Can Upper and lower limit constraints be applied to the estimates updated by kalman filter?

I have one of the states which can have only non negative values in practical life. When I apply Kalman Filter, this state is updated to have negative values instead. How can I apply this limit constraint in kalman filter?

Please reply

Thanks

Answer 1

The other answers are more general and better suited to answer most problems. One realization I had when approaching this problem was that, even though one of my states is constrained, the dynamics and measurement updates were such that the state would actually never violate the constraints. It's a bit of a special case, but my state is a static state that has no correlation with other states so can be treated as an isolated one-state system.

• The state propagation is the identity
• The measurement always lies within the constraints

In my case, this ensures that the resulting state remains within the constraints (Kalman can be considered a form of interpolation). If you want to constrain the covariance as well, that's a different story.

Answer 2

This can actually be implemented very trivially in every linear or nonlinear Kalman filter formulation: just do min(xmax, max(xmin, x_plus)) in every time step, where x_plus is your state estimate after the update step. While this may sound like a very bad hack losing all of a Kalman filters nice properties etc., it is actually nicely justified by theory. For details, refer to D. Simon (2010), "Kalman filtering with state constraints: a survey of linear and nonlinear algorithms", IET. Simon discusses the case of general linear inequality constraints which is more complex, but in the case of a simple bounding box the "state projection method" reduces to the above operation.

Answer 3

Some common ways to bound state variables in an EKF (sorry, no KF) are the following:

If x is the state and we augment it to the bounded state x'.

1. To force a bound such as x > a we define a new state x' = exp(x) + a. This will never less than a as exp(x) -> 0 as x -> -inf. This also holds for negative constraints where x < -a => x' = - exp(x) - a

2. If you want to have a low/upper bound on a state such as a < x < b: This can be achieved with a Sigmoid function, the most popular (in my experience) is x' = tanh(x) which will bound x to (-1, 1). Now it is a simple step to generalize to a < x < b as we need to scale it to the appropriate size and offset it as x' = tanh(x)*(b-a)/2 + (a+b)/2. So when tanh(x) = -1 we get a and when tanh(x) = 1 we get b, successfully implementing the desired bound.

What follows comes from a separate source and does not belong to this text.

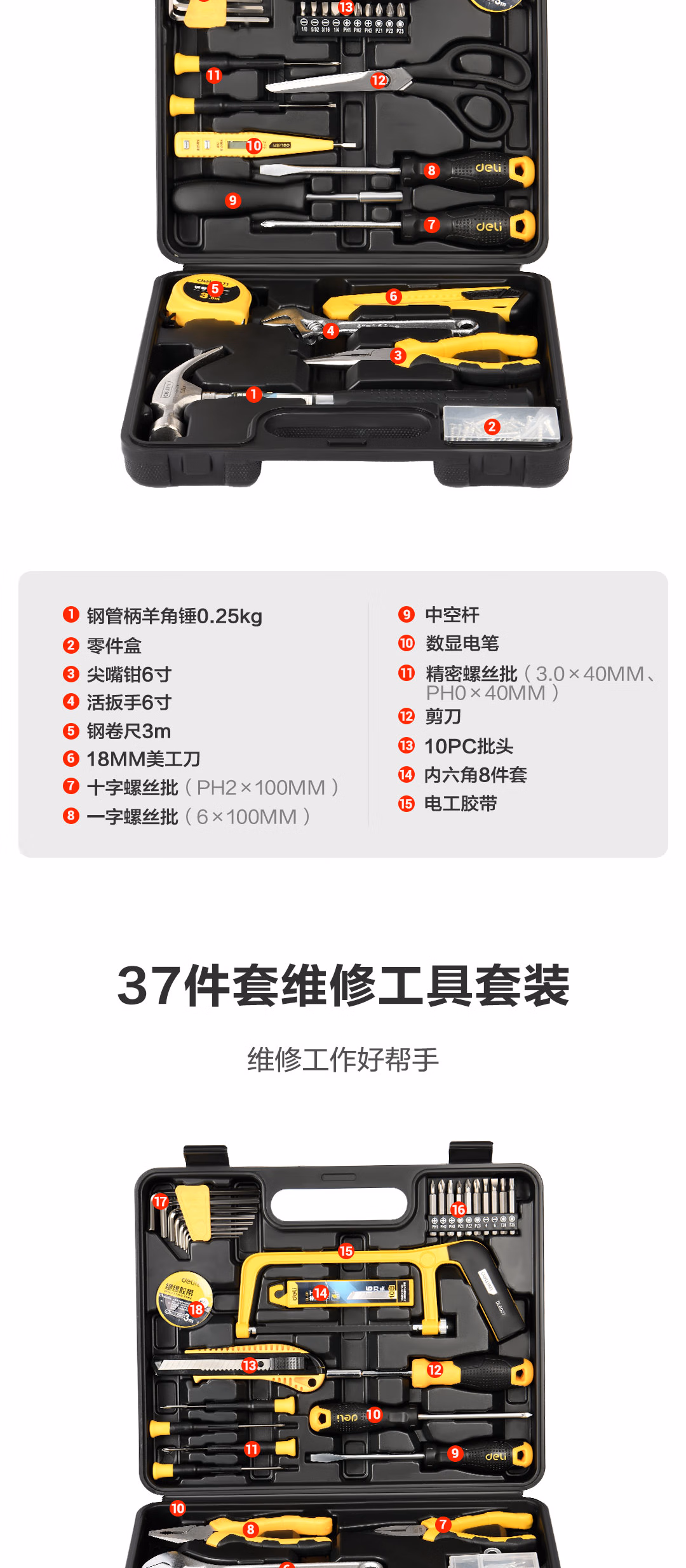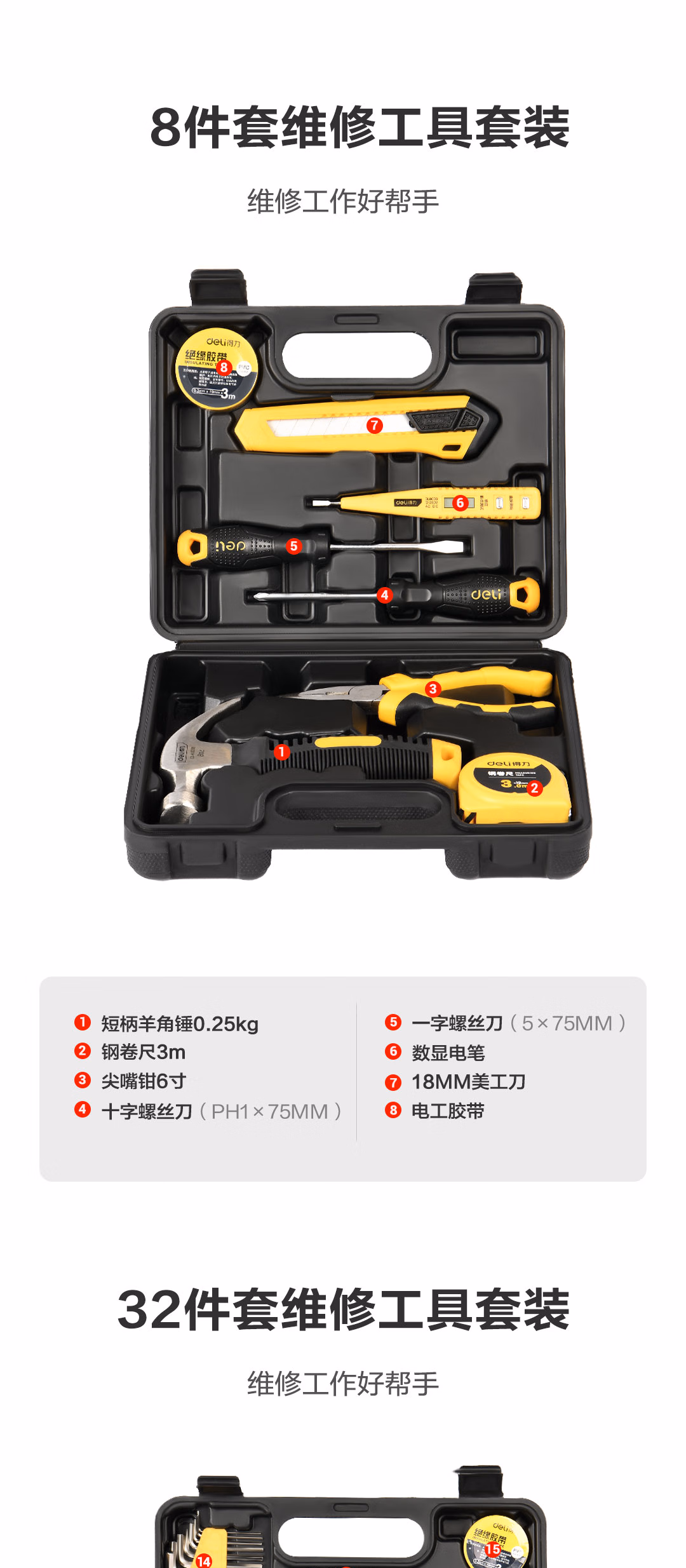包装清单  :   得力(deli)家用工具箱套装电工木工电讯维修组套五金手动工具套装32件套
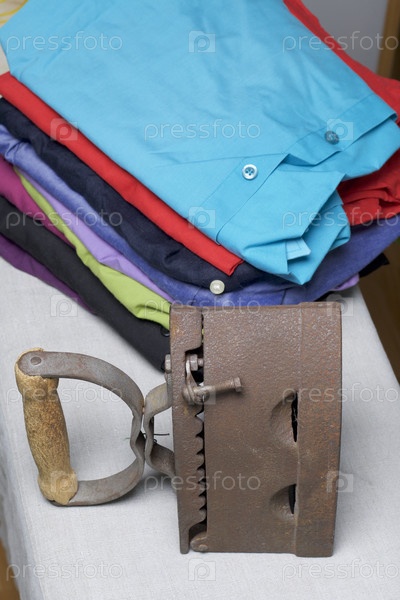 Старый утюг, нагретый горячими углями. Расположен на льняной ткани. Стоит на гладильной доске. Рядом со стопкой нераздетых рубашек

And this usually covers the majority of bounds and their respective derivatives are acceptable. Hope it helps!

Answer 4

It's easy to do this in a UKF (unscented Kalman filter) by simply constraining the sigma points (those are the points you generate that approximate the Gaussian distribution of your state with errors taken into account).

For an EKF you can find papers about how to project the state space back onto the constraint boundary. The complexity comes from two factors:

• If you have a multi-variable constraint (e.g. 2D distance), then you want to move the related variables in a meaningful way.
• When you update one state variable, you want to reflect that change in the other state variables that are related to it through the covariance matrix. For example, if your state included velocity and position, a measurement might result in a little correction to velocity, and a little to position. If your constraint limits the velocity after an update, you want to make a related change to position.

Answer 5

One mechanism is to create an artificial measurement. In this case, if the estimate falls below zero, process a 'measurement' to pull it in. So if the estimate is -x, process an artificial measurement of 'x' with a measurement noise value of x^2. One obvious drawback is the distortion of the covariance estimate for the state variable.

A second method it to transform the state-vector and covariance matrix to a space where the constraint does not exist. For example, the filter could be operating in logarithmic space. The filter can produce positive or negative values, but when converted back to the normal space by the transform x' = e^x, all values are positive. This precludes generating a negative estimate, but of course the covariance matrix is now a description of the second-order statistics in logarithmic space, which may not be an accurate representation of the true statistics. To move to the other space for the filter, all the model matrices must be transformed, transition matrix, measurement Jacobian, and process and measurement noise matrices.